I guess the first two symptoms are linked together. Some small particles, I guess mucus, must be leaving my anus and cause itching. Sweat also causes itching though.

I am not sure about the increased urge. When I have no stress, I manage to go once a day and leave the toilet satisfied. Some days I have an increased urge to go, but I know it is bs. When I was a kid, I could go three or four days without a bowel movement, no problem. Yesterday when I went to the toilet with this urge, the stool turned out to be very watery. *Now I've been thinking: if you resist the urge, there's more chance for anismus, if you accept the urge with diarrhea, there's more chance for fecal incontinence*.

I have been reading on Reddit about fasting, it's quite popular. You basically restrict yourself from eating for a period. *My main concern with fasting is: fasting will decrease the urge to defecate, but nutrition heals the body*. I think I've also read some posts about sufferers of IBS who could reset their symptoms with water fasting.

Relevant subreddits: https://www.reddit.com/r/fasting/, https://www.reddit.com/r/intermittentfasting/

I eat healthy and three meals a day. Should I attempt fasting by cutting out lunch? I think having less energy will help keep me from getting distracted, being more relaxed and sleep better. I'll continue the stretching exercises next to the stretching. I have almost zero obligations at this time, so I guess it would be the right time to try something.

Also for those with TMAU2: https://www.rareconnect.org/en/community/trimethylaminuria/forum/topic/tmau2-cure-2-week-water-fast-with-probiotics


----------



## Guest (Jul 19, 2017)

Squats and kettlebell swings might do wonders with your symptoms, more than stretchings.

For battling those symptoms i don´t think that fasting is a good idea, at all. Maybe you are having the diarrhea and farts problems with particular foods or drinks, in my case for example i have problems specially with gluten and instant coffee (that destroys me more than anything, all brands), those 2 gives me diarrhea. No problems with grain coffee.

You want to be more tired at night so you sleep better? Do the squats (even if they are half squats), do the kettlebell swings, those will take A LOT of your energy in the moment and for the next hours, but in the morning other than some very tolerable, even pleasant, muscular pain you will feel great. And might help you with your digestive symptoms, kill two birds with one arrow.

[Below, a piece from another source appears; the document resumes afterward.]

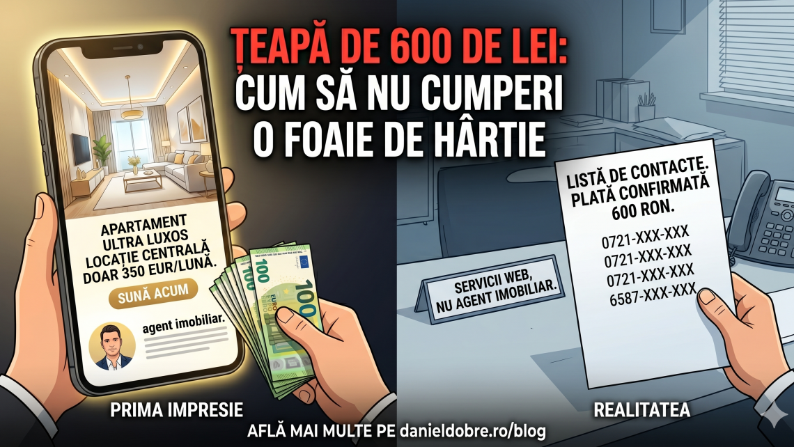 Cu toții am văzut acele anunțuri: poze cu apartamente desprinse din revistele de design interior, locații centrale și un preț care te face să crezi că ai găsit, în sfârșit, „potul cel mare”. Sunt acele oferte „prea bune ca să fie adevărate”.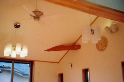 2階リビングの利点を活かして、勾配天井にしています。頂点近くの小窓からは、夜になると月を楽しむことが出来、また、廊下に面する小窓を通じて月明かりで夜中でも廊下が明るい仕組みです。

Just my opinion, in the end it´s your call.


----------



## PokerFace (Jan 13, 2017)

Hey Mariano I'm glad you are doing good... possibly sometimes have totally normal days. I knew from the beginning this was something that could help others.
Next thing I wanna know is how and why these muscles are not used by us in a coscient way. I think in most people they are kept "alive" completely, while for us they just stand still and it is easy for them to "die"
Try not moving you arm at all for 24 hours... it will get weak.
I think we have some wrong coordination that leads to us not use these muscles in every movement like the others do

The kettleball does wonders for the intestine because it puts it back into his place... basically with weak muscle the whole blob thing in us goes straight to the anal canal. Proper muscle tone restores the thickness of the muscles surrounding the belly and also alters the way the bubble air are placed and with that it alters the urge to let air out


----------



## Candide (Jun 14, 2017)

Hey guys. I currently have no access to a kettleball, but I will do the squating exercises. The 'Heal Pelvic Pain' book also recommends doings squads, along with a variant to lie down.

http://i.imgur.com/2Cl5VrB.png

*Day 2*: This is currently my second day with just two meals. Haven't really felt an urge today, only slightly in the morning, but this is normal (used to have it in the past, read it somewhere as well). I will keep at it for at least a week or two, to see how things will go. If stool becomes harder to pass, I'll stop fasting.

Also I should note that my breakfast used to contain yogurt with muesli, but I have run out of both. I'll be eating sausage with bread for the next days until I'll run out of that as well. It's possible this change will also reduce bowel movements.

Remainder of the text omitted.